Information provided -

◇ ◇ ◇ ◇ ◇

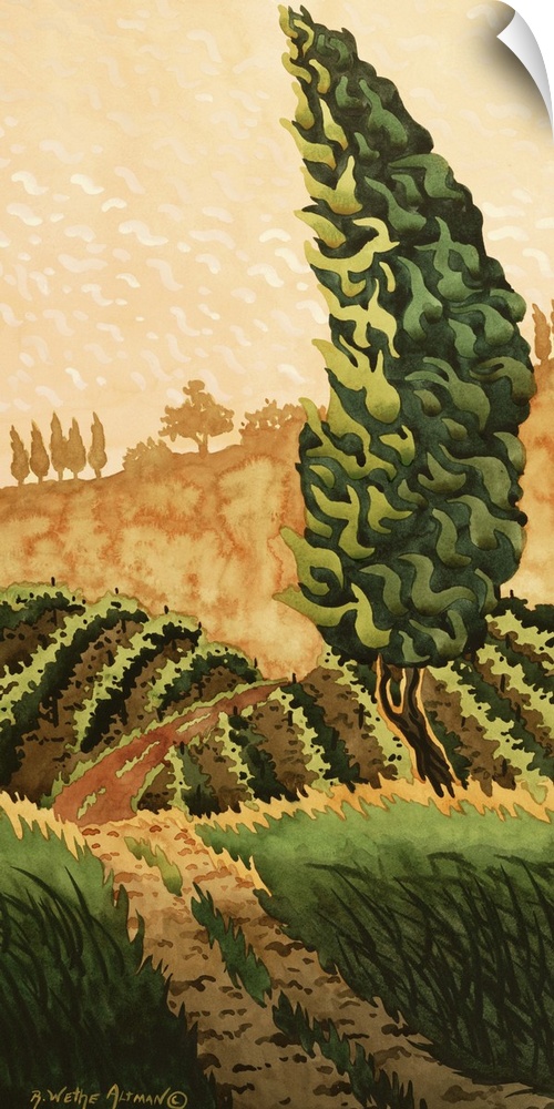 Robin Altman Art Trees Decorative Art Landscapes Trees Vineyard Painting Italy Tuscany
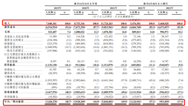 招股书显示,从2019到2022上半年,途虎养车的营收呈稳步上涨趋势,分别为70亿元、88亿元、117亿元、54.68亿元;但同期,公司分别出现净亏损34.28亿元、39.28亿元、58.45亿元、9.52亿元。
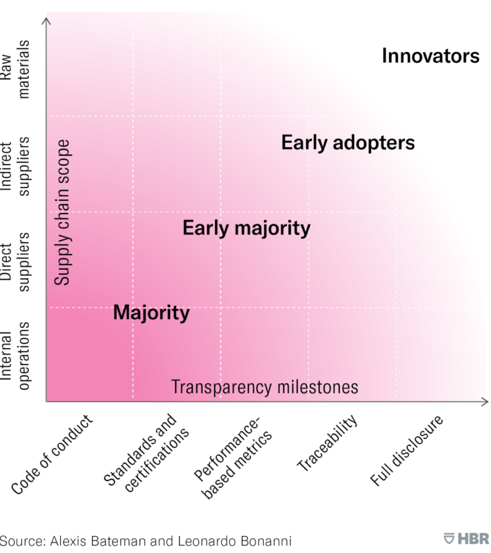 于是麻省理工学院运输与物流中心学者 Alexis Bateman 和倡议供应链透明平台 Sourcemap 合作,基于传播学者 Everett Rogers 1962 年提出的「创新扩散理论」——接受新观念、新事物、新产品的人们可以分为「创新者」「早期采用者」「早期跟随者」「后期跟随者」「滞后者」,拟定了「供应链透明化」的四个进程。

◇ ◇ ◇ ◇ ◇

Exercise -
Would you output the listing above verbatim, without its pictures?

Answer space -
 Robin Altman Art Trees Decorative Art Landscapes Trees Vineyard Painting Italy Tuscany
 招股书显示,从2019到2022上半年,途虎养车的营收呈稳步上涨趋势,分别为70亿元、88亿元、117亿元、54.68亿元;但同期,公司分别出现净亏损34.28亿元、39.28亿元、58.45亿元、9.52亿元。
 于是麻省理工学院运输与物流中心学者 Alexis Bateman 和倡议供应链透明平台 Sourcemap 合作,基于传播学者 Everett Rogers 1962 年提出的「创新扩散理论」——接受新观念、新事物、新产品的人们可以分为「创新者」「早期采用者」「早期跟随者」「后期跟随者」「滞后者」,拟定了「供应链透明化」的四个进程。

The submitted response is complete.